## [ENTRIES SHOWN]
_ _ _ _

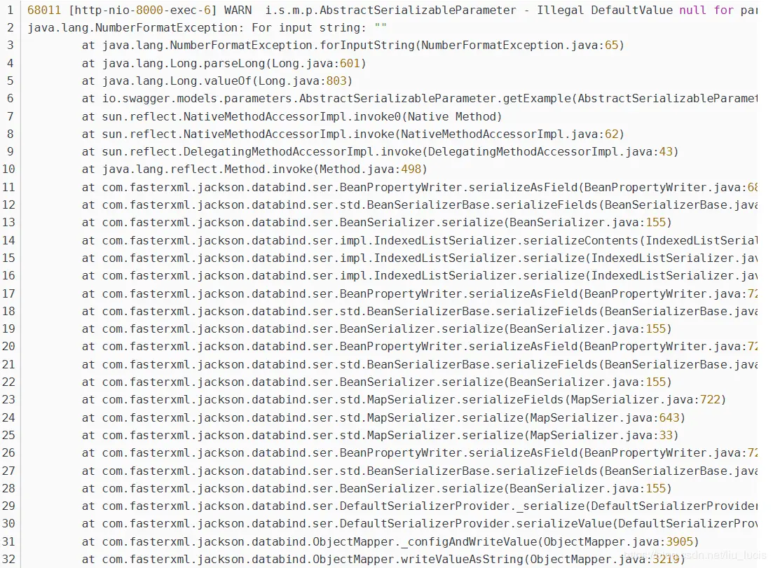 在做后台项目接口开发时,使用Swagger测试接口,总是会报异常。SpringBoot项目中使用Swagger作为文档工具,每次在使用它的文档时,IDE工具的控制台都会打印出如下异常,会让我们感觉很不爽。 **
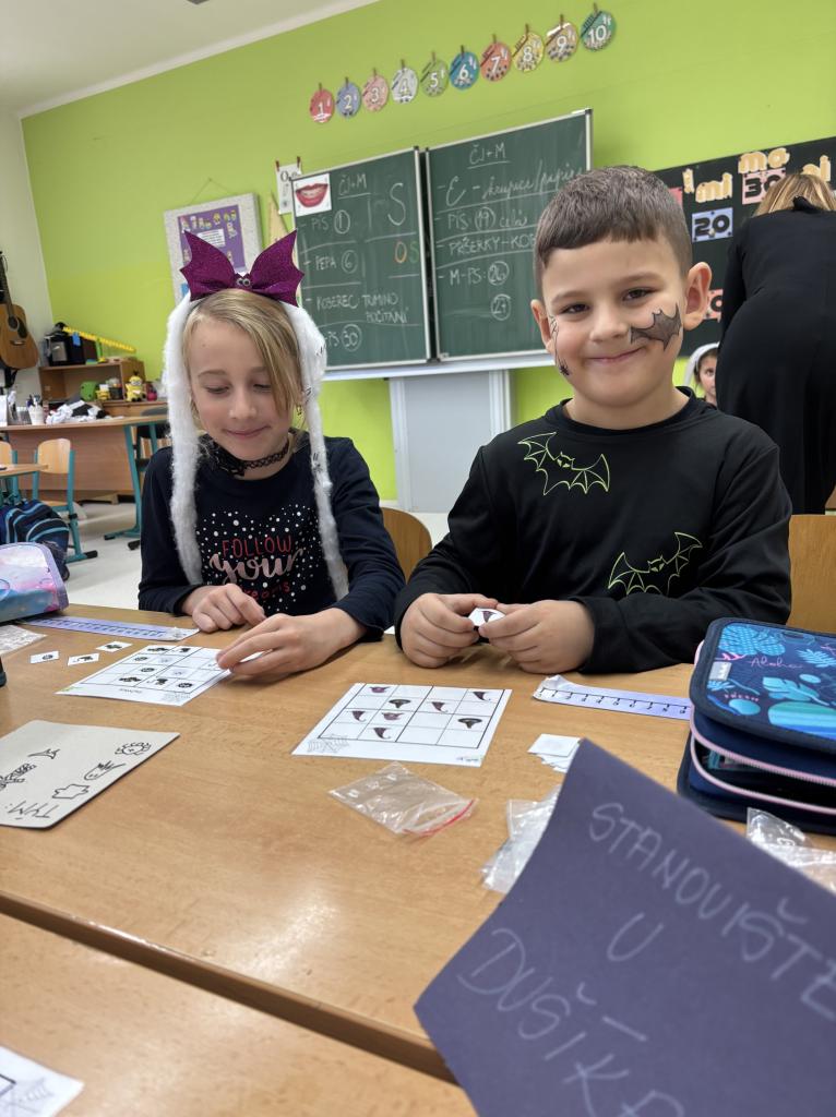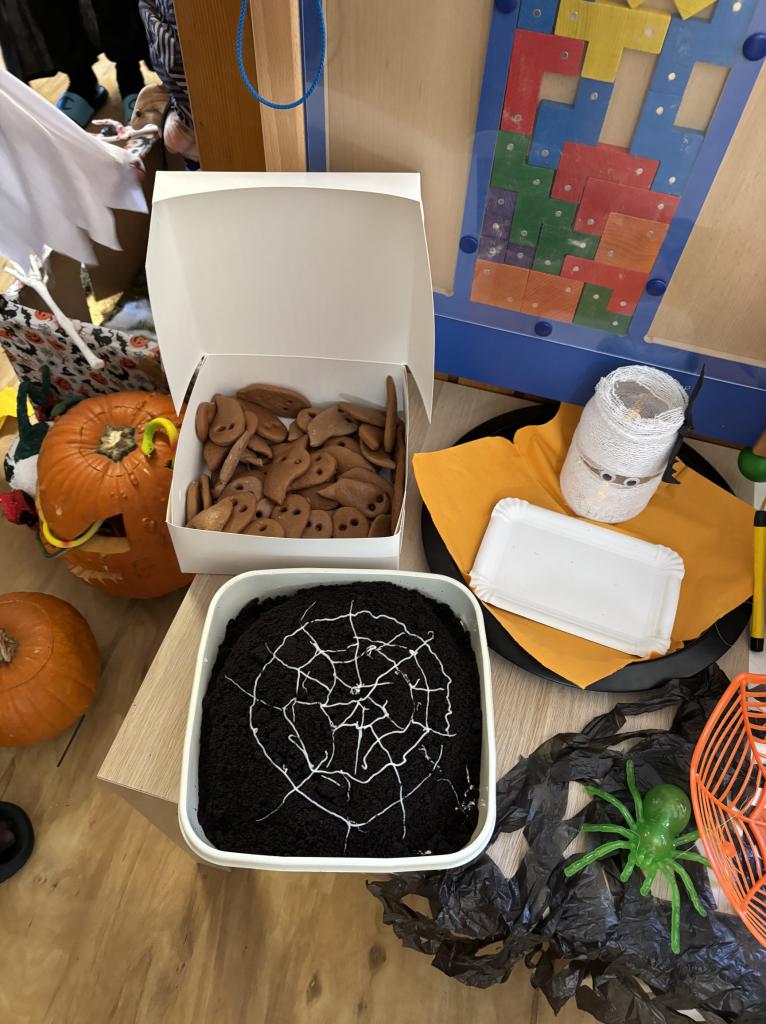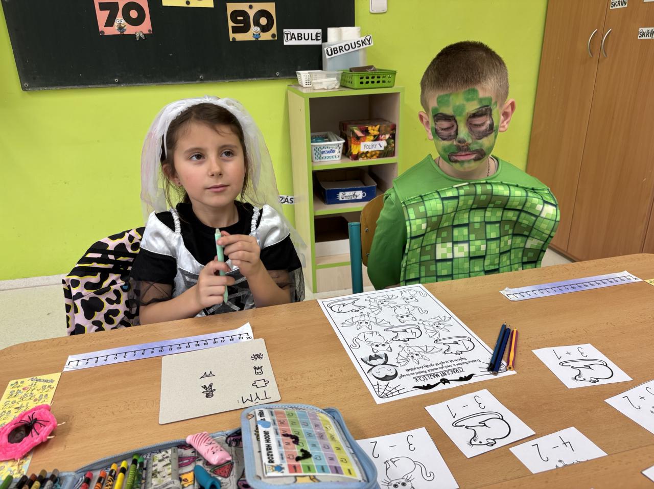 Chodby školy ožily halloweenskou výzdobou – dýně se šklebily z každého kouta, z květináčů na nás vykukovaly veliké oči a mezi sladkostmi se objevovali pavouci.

_ _ _ _

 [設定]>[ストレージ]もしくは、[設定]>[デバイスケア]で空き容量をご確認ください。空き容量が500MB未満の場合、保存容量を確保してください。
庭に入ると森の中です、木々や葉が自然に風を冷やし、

_ _ _ _

## [TRY IT]
Write down exactly what the lines above say, from the line holding "在做后台项目接口开发时,使用" through the line holding "Chodby školy ožily", and nothing more. Do not copy the pictures.

## [TASK OUTPUT]
 在做后台项目接口开发时,使用Swagger测试接口,总是会报异常。SpringBoot项目中使用Swagger作为文档工具,每次在使用它的文档时,IDE工具的控制台都会打印出如下异常,会让我们感觉很不爽。 **
 Chodby školy ožily halloweenskou výzdobou – dýně se šklebily z každého kouta, z květináčů na nás vykukovaly veliké oči a mezi sladkostmi se objevovali pavouci.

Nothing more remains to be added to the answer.